▶ DESCRIPTION OF THE TASK
Only one stretch of the data below is wanted: the lines starting at the one with "På den rosa" and ending at the one with "虹魔之主卡位也有技巧哦,打虹", both included, given again exactly.

▶ DATA SUPPLIED
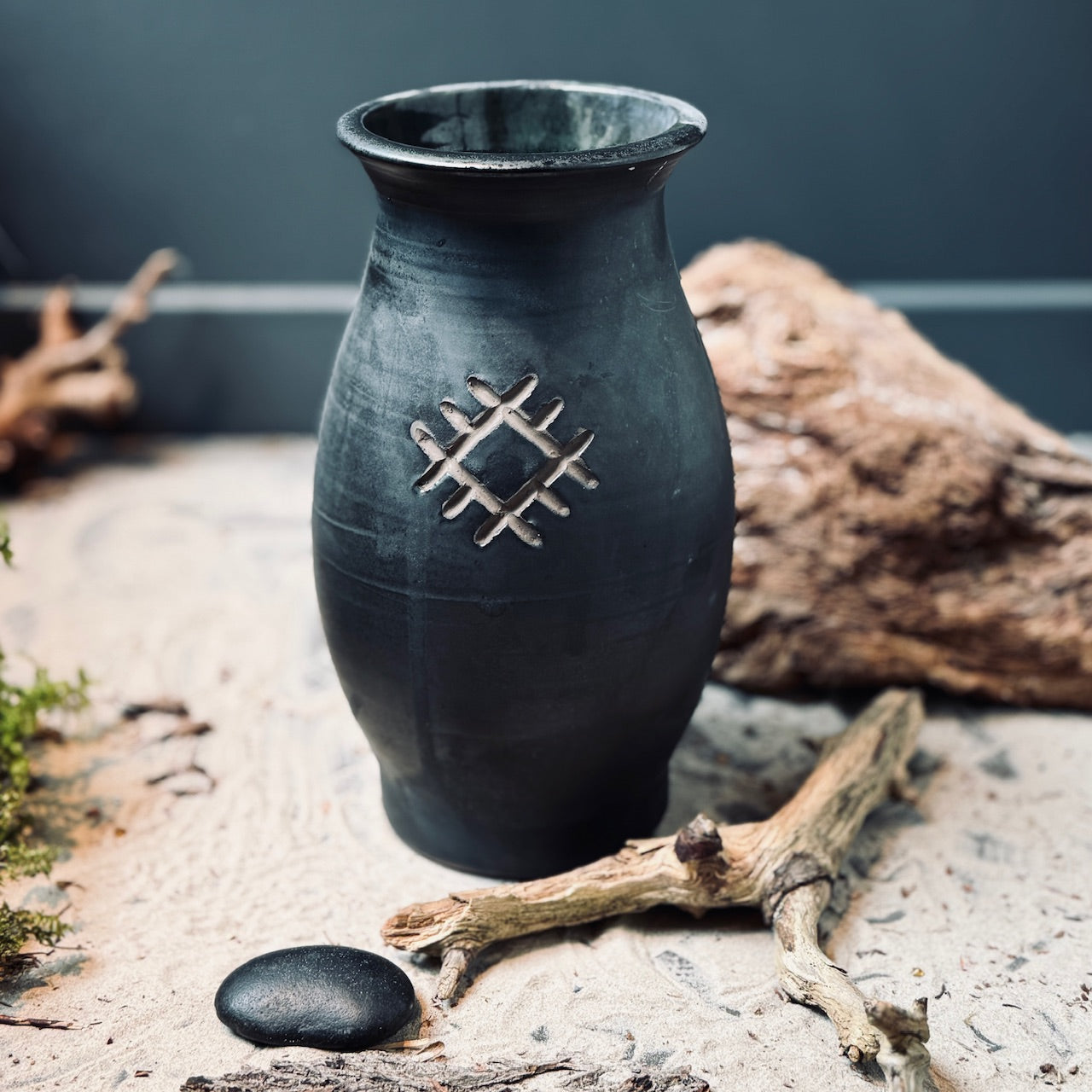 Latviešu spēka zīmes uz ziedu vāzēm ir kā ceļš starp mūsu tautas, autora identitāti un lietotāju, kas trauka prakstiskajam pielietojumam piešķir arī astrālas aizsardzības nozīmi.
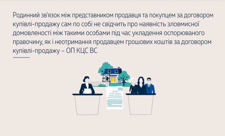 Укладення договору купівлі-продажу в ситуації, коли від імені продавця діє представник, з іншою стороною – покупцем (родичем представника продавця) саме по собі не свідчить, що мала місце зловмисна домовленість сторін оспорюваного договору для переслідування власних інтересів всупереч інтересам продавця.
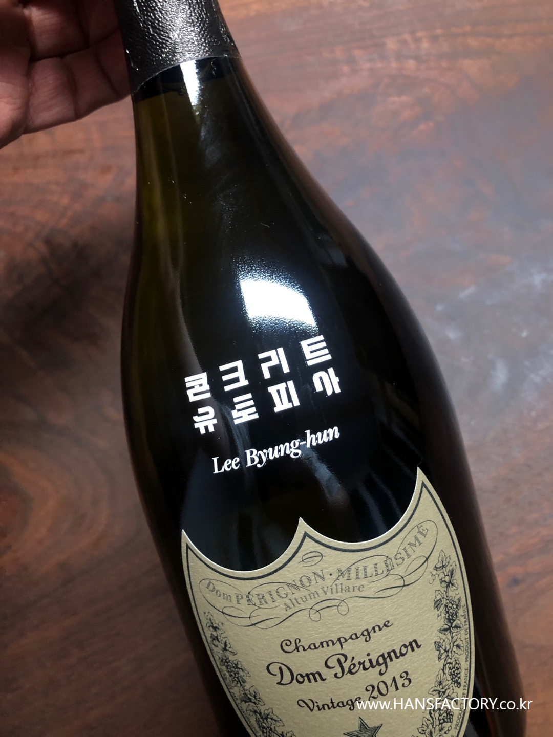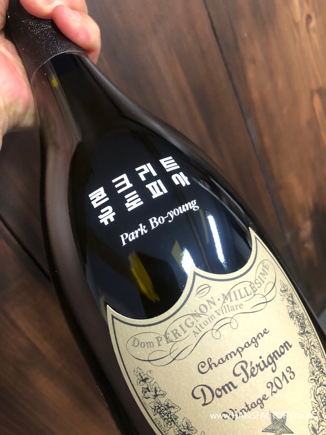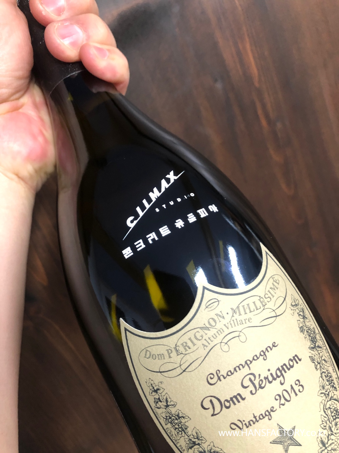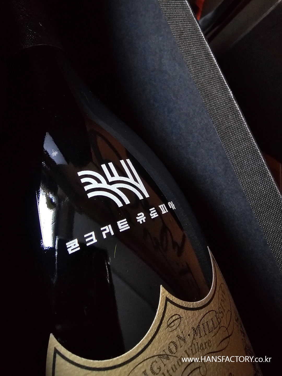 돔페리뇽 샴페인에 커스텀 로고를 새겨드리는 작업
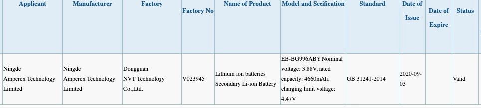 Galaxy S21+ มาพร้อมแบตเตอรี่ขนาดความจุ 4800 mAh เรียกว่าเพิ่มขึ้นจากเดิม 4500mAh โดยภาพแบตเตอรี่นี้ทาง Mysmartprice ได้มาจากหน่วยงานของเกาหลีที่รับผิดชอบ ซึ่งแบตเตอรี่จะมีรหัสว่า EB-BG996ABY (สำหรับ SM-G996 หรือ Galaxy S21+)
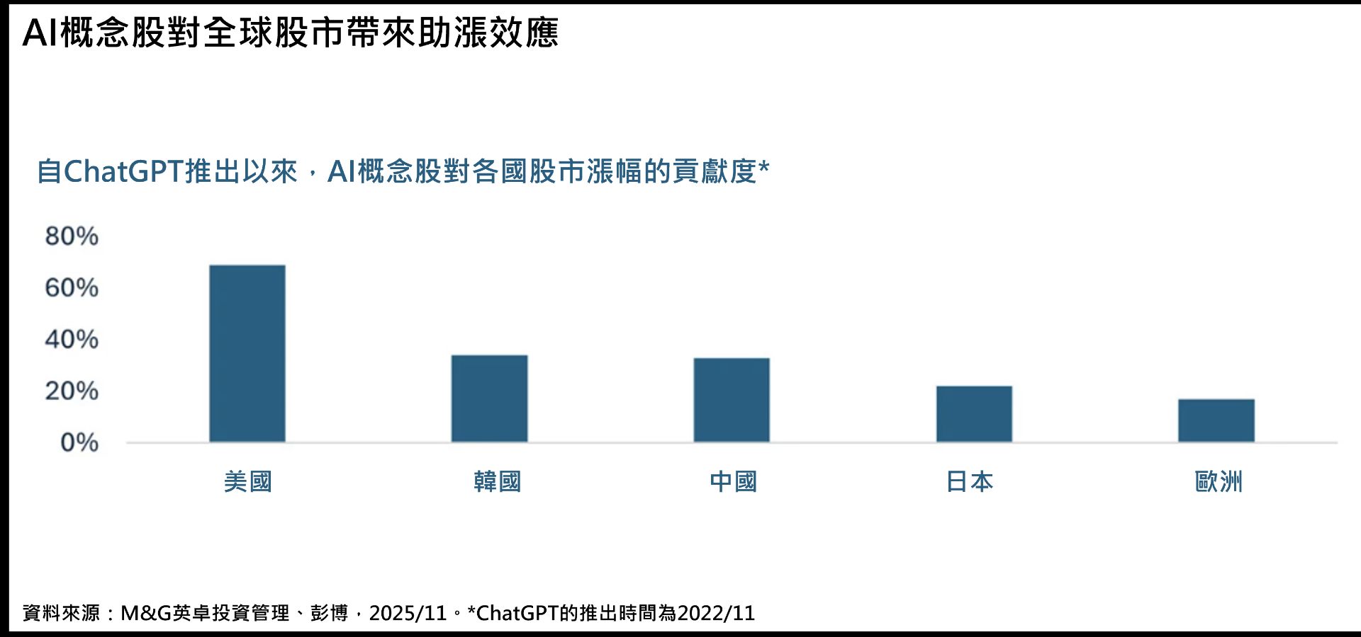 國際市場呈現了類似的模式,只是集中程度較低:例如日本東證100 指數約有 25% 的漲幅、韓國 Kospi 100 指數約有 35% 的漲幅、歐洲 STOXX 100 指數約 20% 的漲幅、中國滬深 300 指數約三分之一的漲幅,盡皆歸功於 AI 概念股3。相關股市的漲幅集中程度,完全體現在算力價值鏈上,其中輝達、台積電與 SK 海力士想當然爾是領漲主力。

--

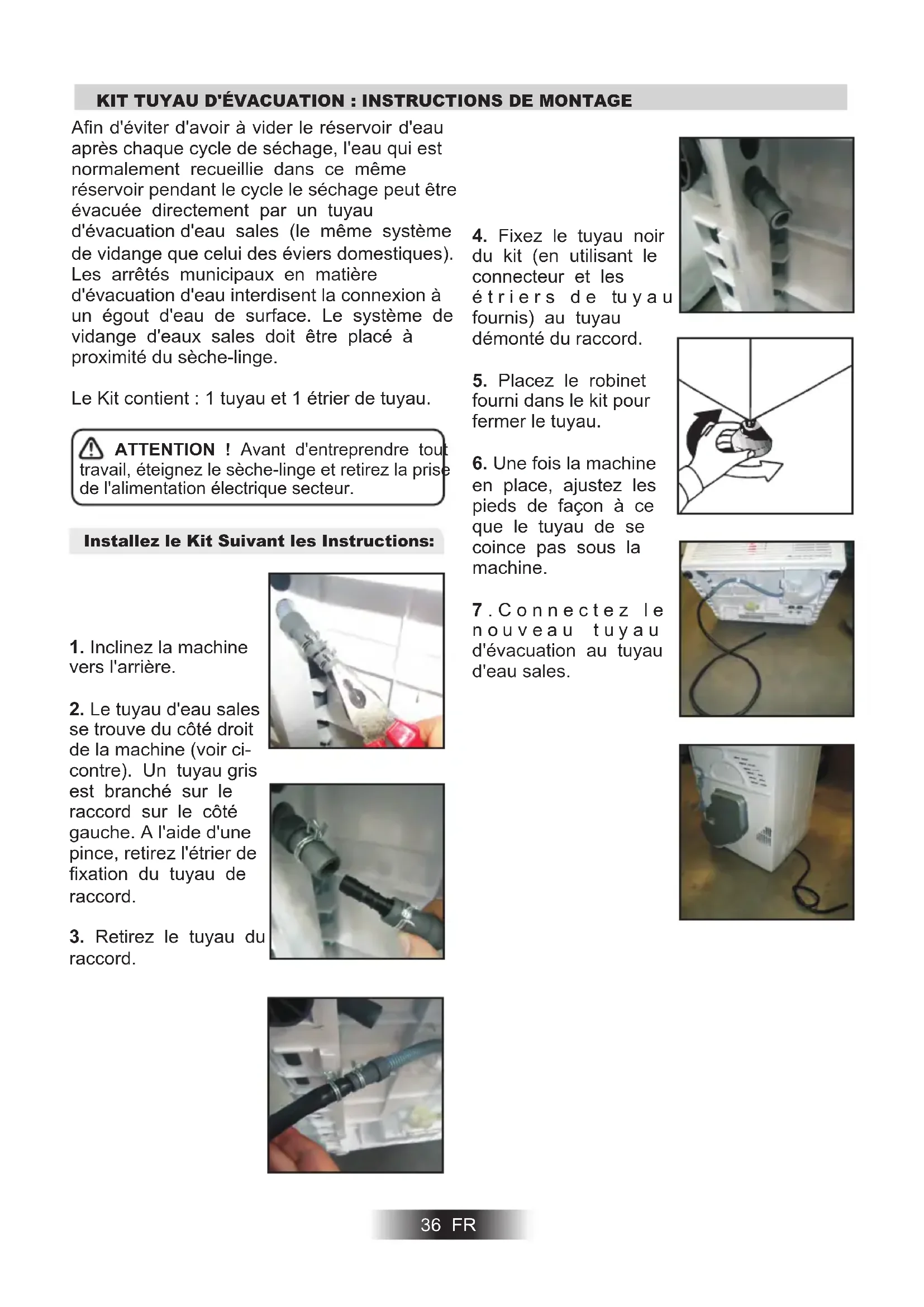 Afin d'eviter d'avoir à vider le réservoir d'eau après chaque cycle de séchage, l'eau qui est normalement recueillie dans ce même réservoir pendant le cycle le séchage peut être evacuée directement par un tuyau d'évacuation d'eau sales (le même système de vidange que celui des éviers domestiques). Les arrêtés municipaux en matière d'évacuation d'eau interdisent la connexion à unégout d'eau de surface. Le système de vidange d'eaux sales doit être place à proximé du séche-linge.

...

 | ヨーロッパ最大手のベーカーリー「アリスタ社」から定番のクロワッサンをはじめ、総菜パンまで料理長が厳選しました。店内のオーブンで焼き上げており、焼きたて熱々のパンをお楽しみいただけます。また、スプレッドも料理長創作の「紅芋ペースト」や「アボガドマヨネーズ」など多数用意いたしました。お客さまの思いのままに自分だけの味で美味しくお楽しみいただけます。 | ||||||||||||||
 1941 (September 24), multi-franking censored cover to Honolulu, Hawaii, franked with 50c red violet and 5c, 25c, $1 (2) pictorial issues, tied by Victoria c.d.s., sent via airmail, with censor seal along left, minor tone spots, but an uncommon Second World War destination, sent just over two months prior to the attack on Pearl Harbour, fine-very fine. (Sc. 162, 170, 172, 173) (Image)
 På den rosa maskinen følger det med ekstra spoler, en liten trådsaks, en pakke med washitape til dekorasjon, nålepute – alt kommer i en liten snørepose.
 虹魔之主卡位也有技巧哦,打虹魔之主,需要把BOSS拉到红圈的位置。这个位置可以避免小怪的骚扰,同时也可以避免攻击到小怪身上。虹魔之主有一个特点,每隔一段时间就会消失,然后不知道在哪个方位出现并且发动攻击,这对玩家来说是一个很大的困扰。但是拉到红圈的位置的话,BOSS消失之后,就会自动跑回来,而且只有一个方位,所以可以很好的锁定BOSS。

▶ EXPECTED OUTPUT
 På den rosa maskinen følger det med ekstra spoler, en liten trådsaks, en pakke med washitape til dekorasjon, nålepute – alt kommer i en liten snørepose.
 虹魔之主卡位也有技巧哦,打虹魔之主,需要把BOSS拉到红圈的位置。这个位置可以避免小怪的骚扰,同时也可以避免攻击到小怪身上。虹魔之主有一个特点,每隔一段时间就会消失,然后不知道在哪个方位出现并且发动攻击,这对玩家来说是一个很大的困扰。但是拉到红圈的位置的话,BOSS消失之后,就会自动跑回来,而且只有一个方位,所以可以很好的锁定BOSS。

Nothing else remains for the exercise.